* **EXERCISE DETAILS**
Output the whole listing exactly, except for the pictures in it.

* **SOURCE MATERIAL**
++++
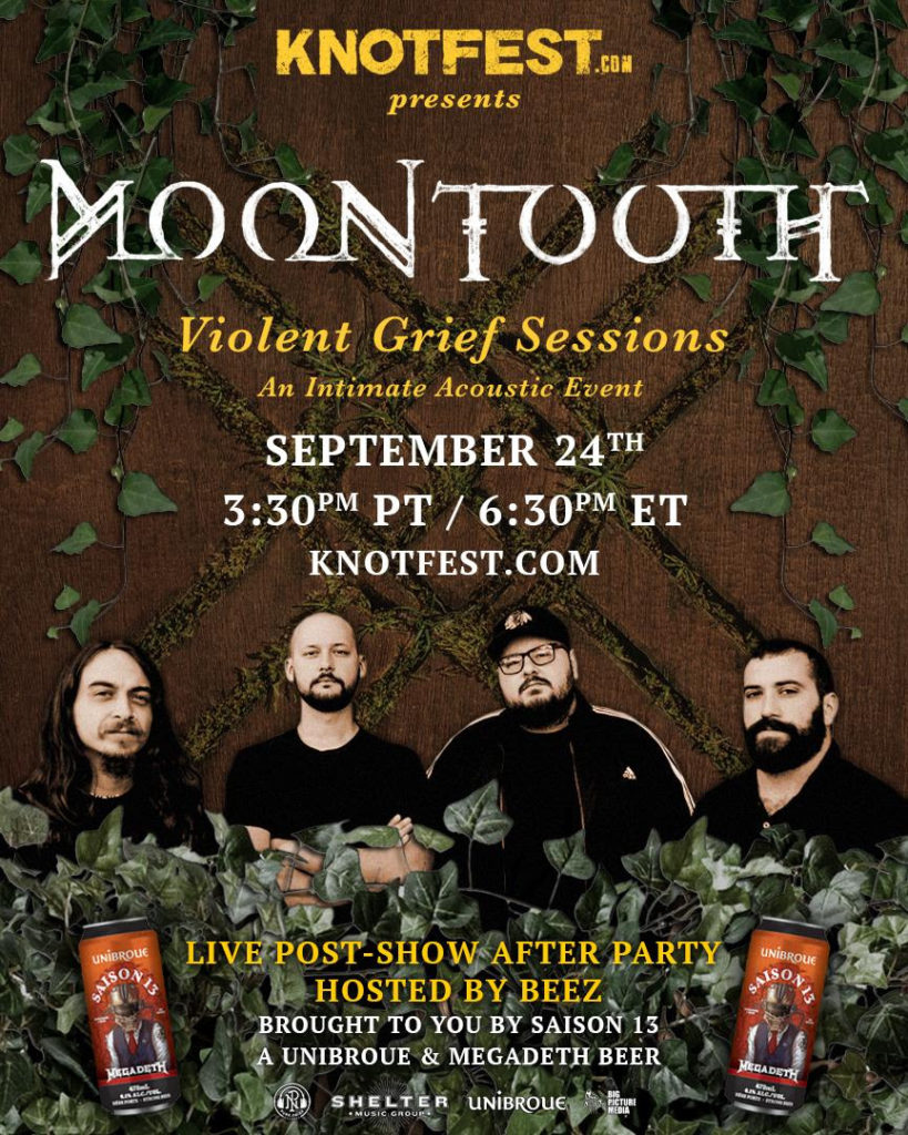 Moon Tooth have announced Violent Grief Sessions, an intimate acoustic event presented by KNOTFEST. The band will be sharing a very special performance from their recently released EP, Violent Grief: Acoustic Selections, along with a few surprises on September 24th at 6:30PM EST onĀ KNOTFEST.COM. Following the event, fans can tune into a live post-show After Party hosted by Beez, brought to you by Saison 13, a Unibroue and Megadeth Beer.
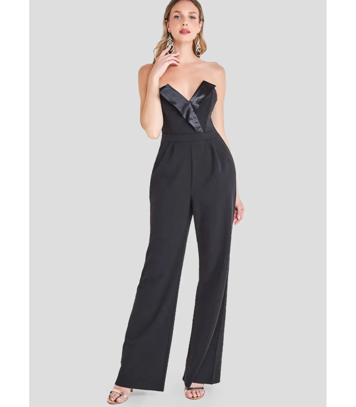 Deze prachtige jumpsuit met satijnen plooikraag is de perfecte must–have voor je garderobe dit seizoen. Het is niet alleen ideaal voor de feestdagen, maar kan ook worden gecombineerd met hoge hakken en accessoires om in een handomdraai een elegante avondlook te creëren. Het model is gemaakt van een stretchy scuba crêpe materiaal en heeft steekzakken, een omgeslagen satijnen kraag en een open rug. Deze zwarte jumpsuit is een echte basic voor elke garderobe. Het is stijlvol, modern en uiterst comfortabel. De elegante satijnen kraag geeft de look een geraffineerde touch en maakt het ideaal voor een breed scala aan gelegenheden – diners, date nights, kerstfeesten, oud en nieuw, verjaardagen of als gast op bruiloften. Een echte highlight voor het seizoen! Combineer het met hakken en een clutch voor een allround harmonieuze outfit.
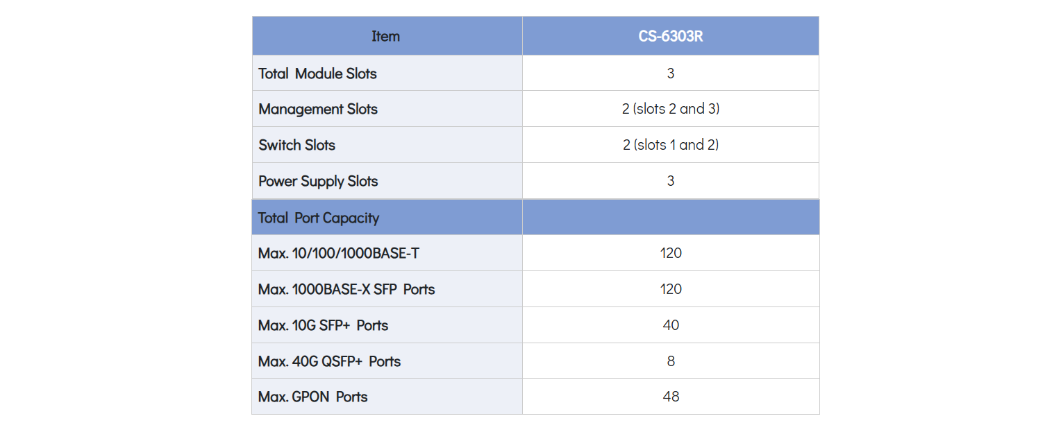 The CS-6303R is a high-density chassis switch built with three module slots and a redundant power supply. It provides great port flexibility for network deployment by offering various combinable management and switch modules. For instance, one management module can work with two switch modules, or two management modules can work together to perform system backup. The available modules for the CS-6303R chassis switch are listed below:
++++
* **EXERCISE ANSWER**
 Moon Tooth have announced Violent Grief Sessions, an intimate acoustic event presented by KNOTFEST. The band will be sharing a very special performance from their recently released EP, Violent Grief: Acoustic Selections, along with a few surprises on September 24th at 6:30PM EST onĀ KNOTFEST.COM. Following the event, fans can tune into a live post-show After Party hosted by Beez, brought to you by Saison 13, a Unibroue and Megadeth Beer.
 Deze prachtige jumpsuit met satijnen plooikraag is de perfecte must–have voor je garderobe dit seizoen. Het is niet alleen ideaal voor de feestdagen, maar kan ook worden gecombineerd met hoge hakken en accessoires om in een handomdraai een elegante avondlook te creëren. Het model is gemaakt van een stretchy scuba crêpe materiaal en heeft steekzakken, een omgeslagen satijnen kraag en een open rug. Deze zwarte jumpsuit is een echte basic voor elke garderobe. Het is stijlvol, modern en uiterst comfortabel. De elegante satijnen kraag geeft de look een geraffineerde touch en maakt het ideaal voor een breed scala aan gelegenheden – diners, date nights, kerstfeesten, oud en nieuw, verjaardagen of als gast op bruiloften. Een echte highlight voor het seizoen! Combineer het met hakken en een clutch voor een allround harmonieuze outfit.
 The CS-6303R is a high-density chassis switch built with three module slots and a redundant power supply. It provides great port flexibility for network deployment by offering various combinable management and switch modules. For instance, one management module can work with two switch modules, or two management modules can work together to perform system backup. The available modules for the CS-6303R chassis switch are listed below:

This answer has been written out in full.